Brazil’s Finance Minister Knocks on Door of Private Sector

During a speech in the Planalto Palace yesterday, November 10, before the Economic and Social Development Council (CDES), the Brazilian Minister of Finance, Antônio Palocci, asserted that Brazil’s growth process is solid and that the country has embarked on a new phase of the economy.

“All the indicators of foreign accounts, investments, and growth show that we are not caught up in a flight of short duration. Brazil has begun a new cycle,” he affirmed.


According to Palocci, it is now necessary to view the Brazilian economic process as a whole, applying the proper incentives with a focus on aspects regarded as basic to the generation of employment.


The Minister referred to Ministry of Labor data demonstrating that 1.6 million formal job positions were created between January and September of this year.


“Maintaining this pace of economic development, job creation, and development, Brazil will surely occupy a different position in the world economy in a few years and will provide its population far better conditions of life, development, and employment than we enjoy at present,” Palocci said.


The Minister also stressed the importance of getting the National Congress to approve the Public-Private Partnerships (PPPs) project, essential for the expansion of investments in infrastructure.


Palocci also recalled that over the course of recent years, government investment capacity in Brazil has decreased.

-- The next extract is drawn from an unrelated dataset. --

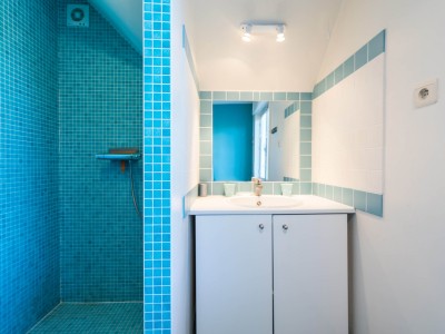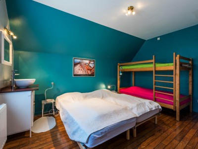Au 2ème étage: chambre avec 2 lits simple et un lit superposé et une chambre avec lit simple, toilettes et salle de bains avec douche.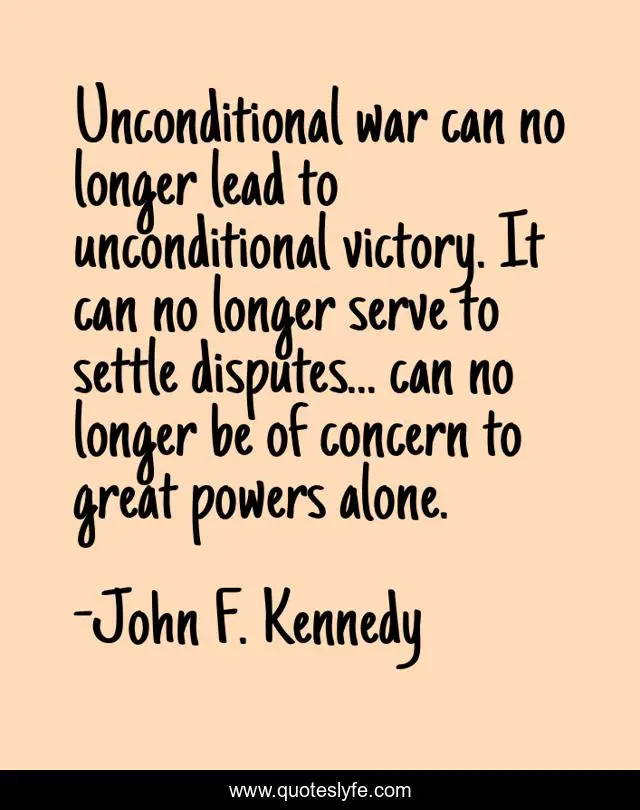 This page presents the quote "Unconditional war can no longer lead to unconditional victory. It can no longer serve to settle disputes... can no longer be of concern to great powers alone.". Author of this quote is John F. Kennedy. This quote is about alone, great, victory,.

He pointed out that, several decades ago, Brazil was a young country, with nine people contributing to social security for each retired person, and could therefore invest with tranquillity.


Nowadays, he said, the country has 1.4 contributors for each retiree; consequently, the government’s accounts have become tighter, and the possibilities of government investments are more limited.


“To turn this situation around, a combination of measures must be adopted. The government has to save more, to invest where it is needed; we need to improve the entire institutional and regulatory framework, so that private enterprise can make the basic investments.


“And, in certain areas of investment, we must create the public-private partnerships, a project that is in the final phase of consideration in the Congress,” Palocci observed.